__WHAT IS EXPECTED__
What you return must match the listing below character for character, minus any pictures.

__DATA EXCERPT__
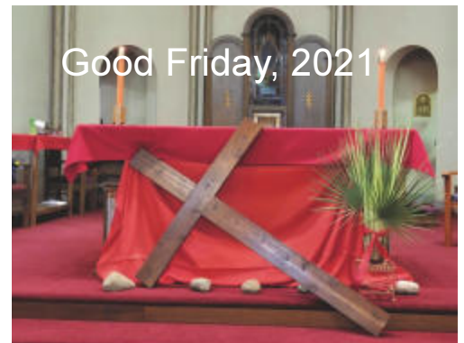
Good Friday, 2021
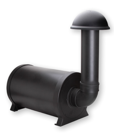
Packaged individually Stock Number FG01668
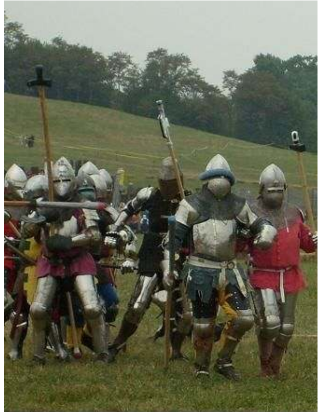
Aengus captures an opponent and removes him from the field to discuss ransom

__ANSWER TO THIS PROBLEM__
Good Friday, 2021
Packaged individually Stock Number FG01668
Aengus captures an opponent and removes him from the field to discuss ransom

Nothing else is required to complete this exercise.